**TASK DETAILS:**
Find, in the records below, the line that contains "Disco Ball Cup" and the line that contains "Demonstrators chant slogans". Copy those two lines and everything between them exactly, but not the pictures.

**THE DATA:**

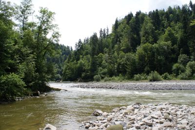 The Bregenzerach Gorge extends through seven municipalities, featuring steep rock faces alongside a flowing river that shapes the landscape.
--
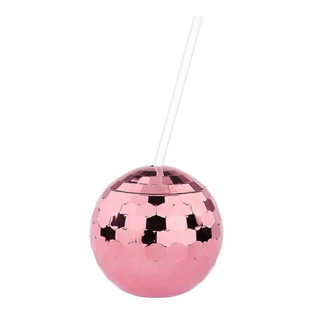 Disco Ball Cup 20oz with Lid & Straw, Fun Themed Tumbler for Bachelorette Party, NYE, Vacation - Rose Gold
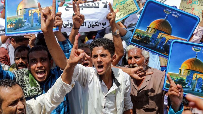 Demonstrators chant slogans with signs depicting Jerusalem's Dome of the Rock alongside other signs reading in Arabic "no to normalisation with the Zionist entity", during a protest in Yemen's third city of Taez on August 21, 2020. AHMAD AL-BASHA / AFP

**ANSWER FOR THIS EXERCISE:**
 Disco Ball Cup 20oz with Lid & Straw, Fun Themed Tumbler for Bachelorette Party, NYE, Vacation - Rose Gold
 Demonstrators chant slogans with signs depicting Jerusalem's Dome of the Rock alongside other signs reading in Arabic "no to normalisation with the Zionist entity", during a protest in Yemen's third city of Taez on August 21, 2020. AHMAD AL-BASHA / AFP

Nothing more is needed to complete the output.